On Sept. 8, the publication reported on Hollywood celebrities who pledge to boycott the Israeli film industry, as well as, on Sept. 17, and again on Oct. 10, on another group that urged musicians to block their music from being streamed in Israel. (“Ayo Edebiri, Olivia Colman, More Pledge to Boycott Israeli Film Institutions Over ‘Carnage’ in Gaza,” By Tomás Mier, Sept. 8; “MIKE, Faye Webster, Japanese Breakfast, and More Join Israel Streaming Boycott,” by Andre Gee, Sept. 17; Clairo, Lucy Dacus, Nao, More Join No Music for Genocide Boycott, by Mankaprr Conteh, Oct. 10.) The Sept. 17 and Oct. 10 articles also repeated the highly contentious claim of “genocide” in Gaza without noting, as the Sept. 8 article did, that it is widely disputed.
Yet CAMERA was unable to locate any reporting in Rolling Stone either on Paramount’s or Warner’s responses to the film industry letter, which was to reject it, or on a different group of actors, organized by Creative Community for Peace, that wrote to similarly condemn the boycott call. The CCFP letter referred to the boycott letter as a “document of misinformation.” Covering only those who take one side of this conflict creates a false impression for readers that there is a consensus on this issue, when there clearly is not one.
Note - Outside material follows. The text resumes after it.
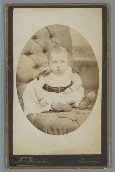 Simon van Caspel made this portrait of an unknown child with a small basket, likely in Amsterdam during the 1870s, using the albumen print process. The image's cultural context lies in the rise of commercial photography and its impact on portraiture. Before this time, portraits were generally afforded to wealthy elites, but as photography became more accessible and affordable, the middle class increasingly took advantage of the opportunity to document their likenesses. Here, the child's crisp white dress and the formal studio setting, suggest a family eager to participate in new social practices. A simple prop, the basket, perhaps indicates a middle-class fascination with the trappings of wealth. Examining sources like period advertisements, social histories of Dutch families, and institutional records of photographic studios helps us see how the democratization of image-making altered social relations and redefined public representation. Studying this artwork provides insights into the cultural shifts of the time.
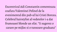 Excentricul Adi Constantin comenteaza coafura Valentinei Pelinel de la evenimentul din pub-ul lui Cristi Borcea. Celebrul hairstylist al vedetelor i-a dat frumoasei blonde un sfat. “Ii sugerez o carare pe mijloc si o tunsoare graduata”

And on Oct. 20, Rolling Stone chose (not for the first time) to cover the rap group Bob Vylan’s excuses for chanting “Death, Death, to the IDF” last summer at the Glastonbury Festival in England. The group’s chant was genocidal – the IDF is the only thing that stands between Israelis and the jihadis from Hamas, Hezbollah, Palestinian Islamic Jihad, and others. “Death to the IDF” means exposing Israelis to more deadly terror attacks. Yet Rolling Stone let them whitewash it, quoting Bobby Vylan (one member of the duo) on a podcast saying:
My whole issue with this thing is that the chant is so unimportant. It’s so unimportant, and the response to it was so disproportionate…. What is important is the conditions that exist to allow that chant to even take place on that stage. And I mean, the conditions that exist in Palestine. Where the Palestinian people are being killed at an alarming rate. Who cares about the chant? It’s like, what is it that is allowing for that chant to even exist? That’s what the focus should have always been on it. [“Bobby Vylan Addresses Glastonbury Chant Controversy in New Interview: ‘I’m Not Regretful of It,’” Charisma Madarang, Oct. 20.]
Although Noa Tishby’s beautiful Oct. 7 remembrance published on the two-year anniversary of the attack was a welcome departure, overall, the arrival of a new Co-Editor in Chief at the beginning of September doesn’t seem to have brought about any real change there.